→ **Instructions for the task**: Copy word for word the lines in the records below, starting at the line with "本站讯 为进一步普及心理健康" and ending at the line with "Fototapeta premium Traktor". Skip the pictures.

→ **Given records**:
___

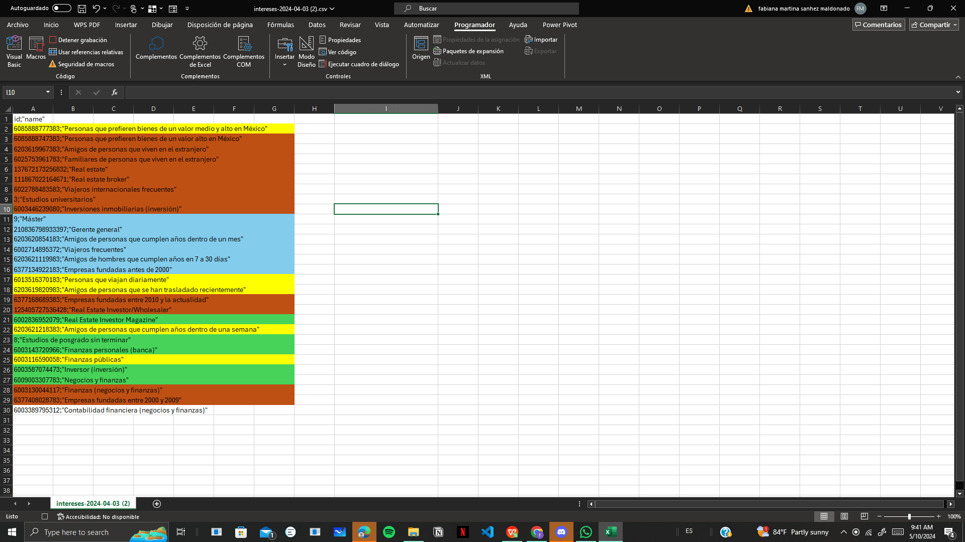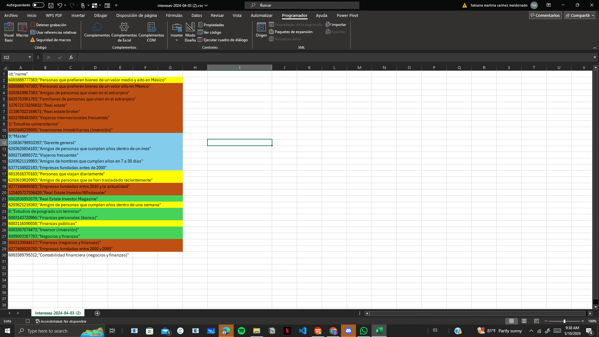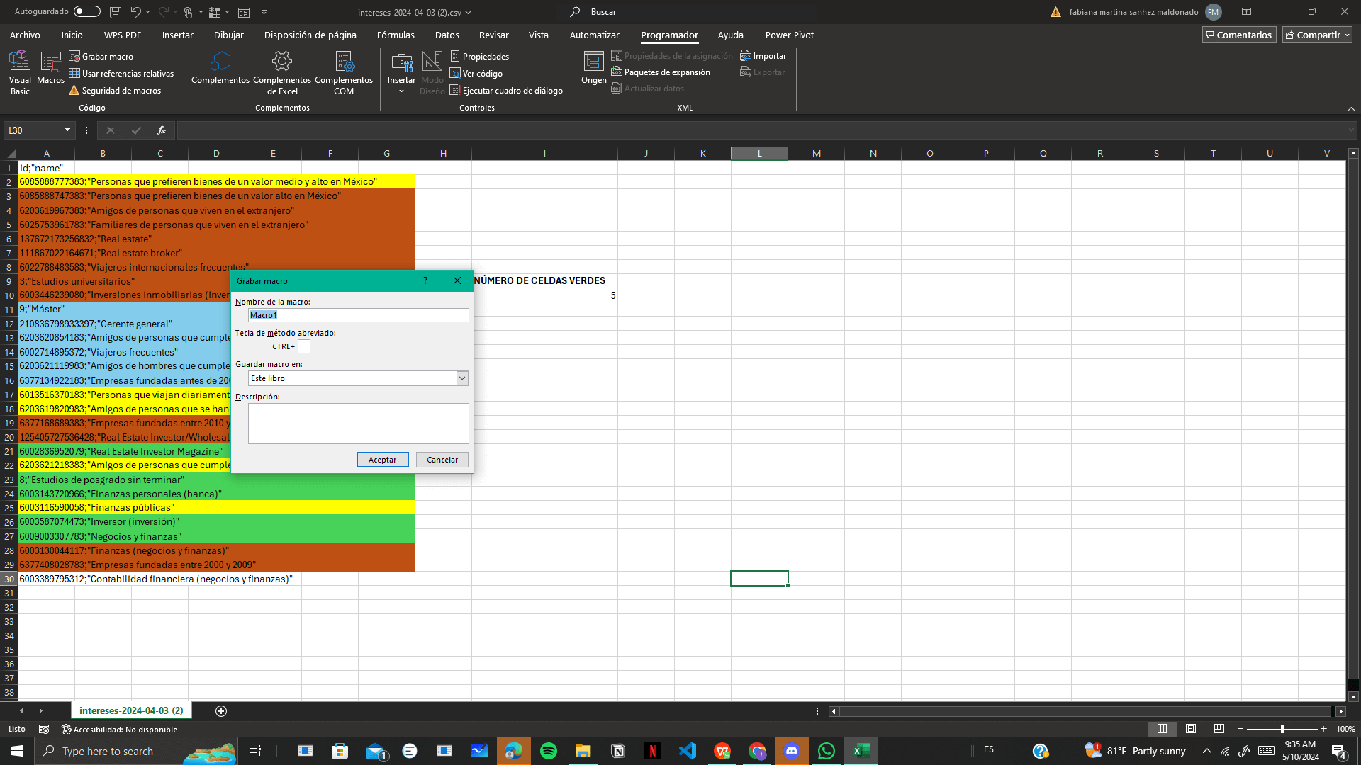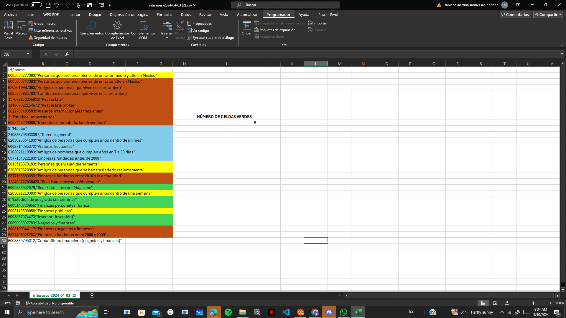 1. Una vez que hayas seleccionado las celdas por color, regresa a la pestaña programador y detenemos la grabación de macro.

___

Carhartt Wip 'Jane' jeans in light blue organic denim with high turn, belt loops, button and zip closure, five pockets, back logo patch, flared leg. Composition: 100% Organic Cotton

___

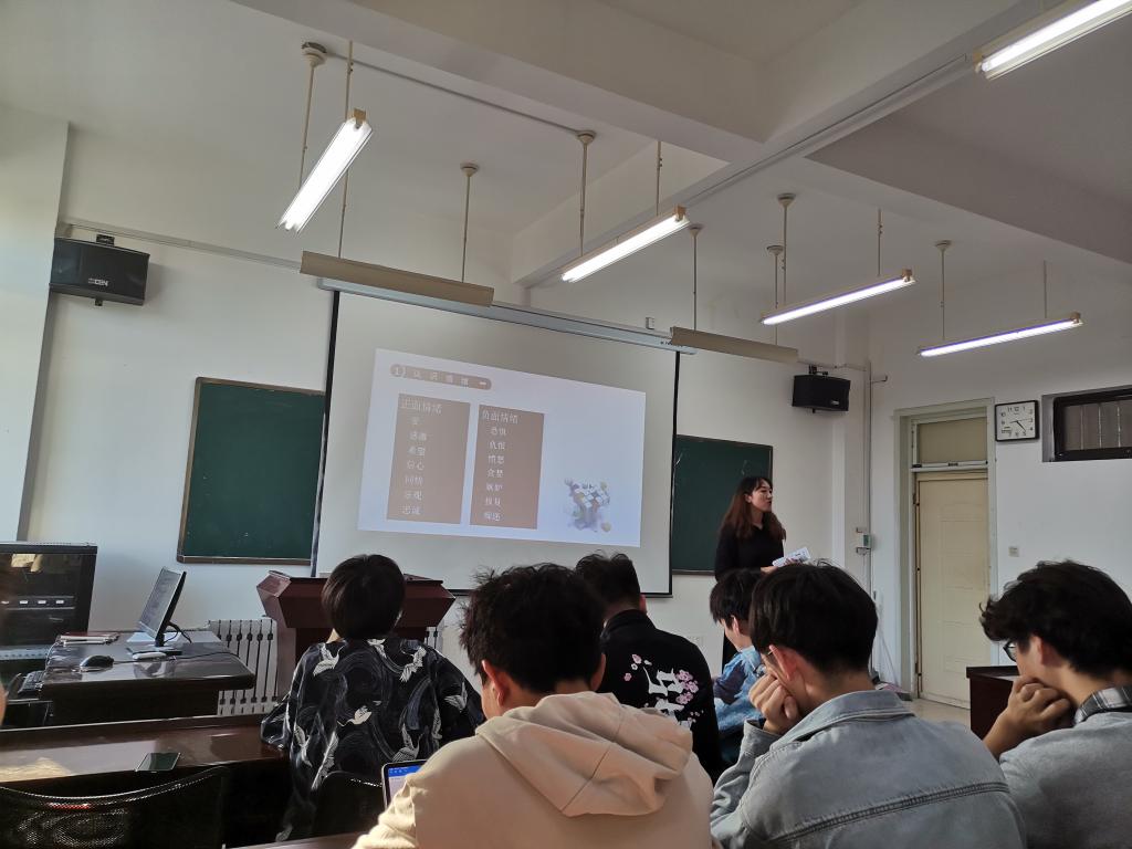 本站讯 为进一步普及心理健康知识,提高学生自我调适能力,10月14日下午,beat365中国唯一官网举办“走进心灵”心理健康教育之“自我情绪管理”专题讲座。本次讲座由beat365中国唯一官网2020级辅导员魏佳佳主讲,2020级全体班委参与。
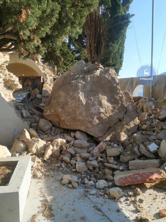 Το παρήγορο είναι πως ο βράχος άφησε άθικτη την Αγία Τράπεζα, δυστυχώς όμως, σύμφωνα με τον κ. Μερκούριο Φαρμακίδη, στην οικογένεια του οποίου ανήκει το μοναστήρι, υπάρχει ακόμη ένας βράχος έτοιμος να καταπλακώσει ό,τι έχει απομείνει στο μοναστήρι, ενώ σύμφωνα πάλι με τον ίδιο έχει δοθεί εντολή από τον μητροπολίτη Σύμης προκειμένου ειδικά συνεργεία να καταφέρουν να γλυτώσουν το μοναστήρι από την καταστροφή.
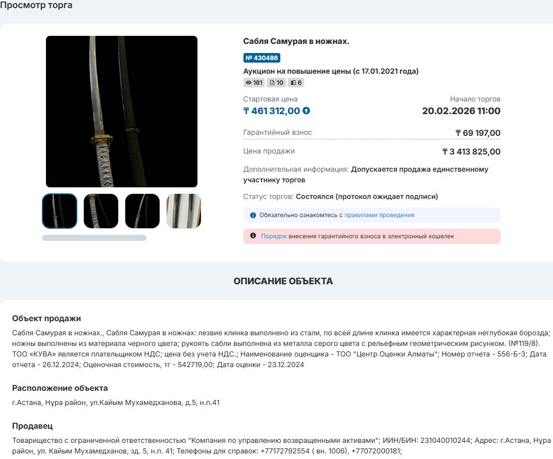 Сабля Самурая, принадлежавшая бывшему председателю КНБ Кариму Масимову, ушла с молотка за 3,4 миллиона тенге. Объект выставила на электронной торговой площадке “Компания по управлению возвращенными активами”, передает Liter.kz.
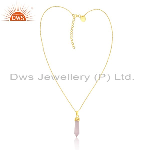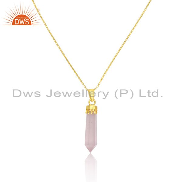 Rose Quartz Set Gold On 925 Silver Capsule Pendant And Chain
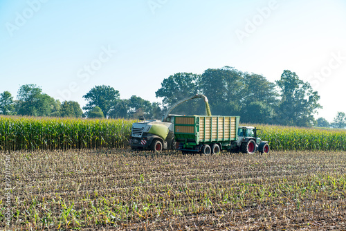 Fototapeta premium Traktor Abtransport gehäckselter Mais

___

→ **Output**:
 本站讯 为进一步普及心理健康知识,提高学生自我调适能力,10月14日下午,beat365中国唯一官网举办“走进心灵”心理健康教育之“自我情绪管理”专题讲座。本次讲座由beat365中国唯一官网2020级辅导员魏佳佳主讲,2020级全体班委参与。
 Το παρήγορο είναι πως ο βράχος άφησε άθικτη την Αγία Τράπεζα, δυστυχώς όμως, σύμφωνα με τον κ. Μερκούριο Φαρμακίδη, στην οικογένεια του οποίου ανήκει το μοναστήρι, υπάρχει ακόμη ένας βράχος έτοιμος να καταπλακώσει ό,τι έχει απομείνει στο μοναστήρι, ενώ σύμφωνα πάλι με τον ίδιο έχει δοθεί εντολή από τον μητροπολίτη Σύμης προκειμένου ειδικά συνεργεία να καταφέρουν να γλυτώσουν το μοναστήρι από την καταστροφή.
 Сабля Самурая, принадлежавшая бывшему председателю КНБ Кариму Масимову, ушла с молотка за 3,4 миллиона тенге. Объект выставила на электронной торговой площадке “Компания по управлению возвращенными активами”, передает Liter.kz.
 Rose Quartz Set Gold On 925 Silver Capsule Pendant And Chain
 Fototapeta premium Traktor Abtransport gehäckselter Mais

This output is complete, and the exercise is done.